The Real Imposture

Leslie Jamison for The New Yorker has a fantastic history of imposter syndrome, framed through the twinned but mirrored lenses of Pauline Clance and Suzanne Imes (the two white women who’d originally presented the idea) and Ruchika Tulshyan and Jodi-Ann Burey (the two women of color who later lodged the most prominent critique).

I’m not going to rehash the article here; you really do need to just make some time to read it. There’s just a couple of bits that come up along the way I want to highlight here.

For many younger women, there’s a horoscope effect at play: certain aspects of the experience, if defined capaciously enough, are so common as to be essentially universal. The Australian scholar and critic Rebecca Harkins-Cross—who often felt like an impostor during her university days, struggling with insecurities she now connects to her working-class background—has become suspicious of the ways impostor syndrome serves a capitalist culture of striving. She told me, “Capitalism needs us all to feel like impostors, because feeling like an impostor ensures we’ll strive for endless progress: work harder, make more money, try to be better than our former selves and the people around us.”

Much of the Tulshyan and Burey critique (as near as I can tell from the article, anyway) centers around how the idea of imposter syndrome served to internalize and pathologize into a personal responsibility something that’s more aptly a systemic and external force in need of direct challenge.

Burey, who was born in Jamaica, didn’t feel like an impostor; she felt enraged by the systems that had been built to disenfranchise her. She also didn’t experience any yearning to belong, to inhabit certain spaces of power. “White women want to access power, they want to sit at the table,” she told me. “Black women say, This table is rotten, this table is hurting everyone.” She resisted knee-jerk empowerment rhetoric that seemed to encourage a damaging bravado: “I didn’t want to beef up myself to inflict more harm.”

In other words, by arguing that people turn inward to solve a crisis of confidence, the forces arrayed against building solidarity and capacity will remain unbowed.

I’ve summoned a flavor of imposter syndrome myself (more than once) in the wake of my autism diagnosis. There’s a degree to which the idea can be limitedly helpful during the retcon that comes with a late diagnosis, although in my case it also was causing me to feel like I didn’t belong in the community of other autistics, either.

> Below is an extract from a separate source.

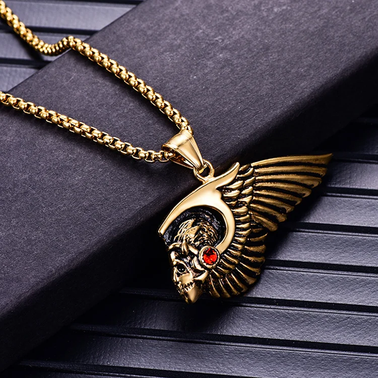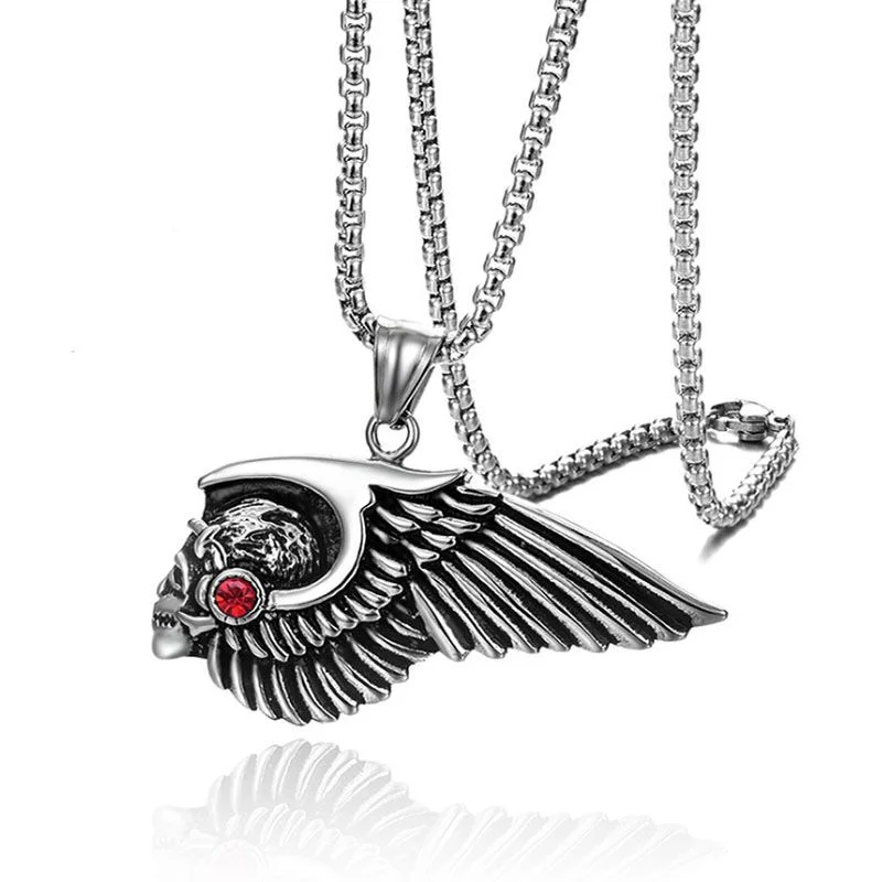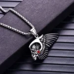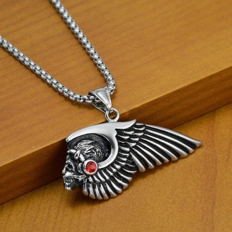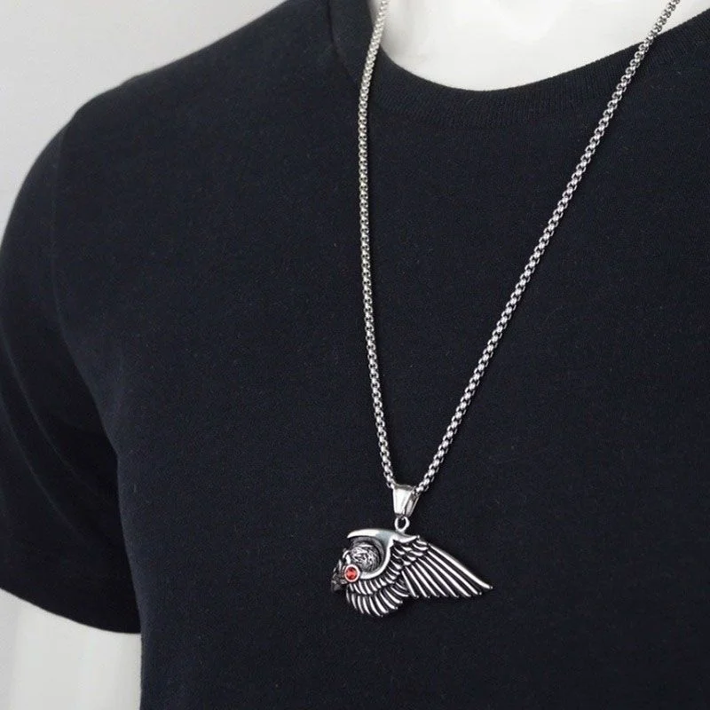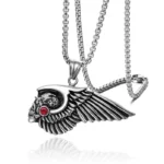 Crafted for the fearless spirit of the road, this titanium pendant embodies the bold essence of brotherhood and rebellion. Measuring 30mm by 54mm, the detailed winged-skull design with a fiery red accent resonates with the pride and loyalty of every Hells Angels member. Available in rugged silver or striking gold finishes, it comes with a durable 60cm chain—built tough for those who ride hard and live free.

That said, even if this isn’t acknowledged (although it should be), those personal summonings, too, ultimately trace their origins to the fact that this is what extractive capital does to us: it pits us against one another under the false premise of scarcity. When we’re sold on (and sold to) the idea that we have no value unless we’re contributing to that very extraction, of course we’re going to land, both personally and politically, on alienation and othering—of our own selves, and of one another.

Maybe imposter syndrome really is us trying to remind ourselves of what we already know: that in ways both large and small we’ve let them break the world, and through the breaking of it, us. Inside, we know this is not who we are supposed to be.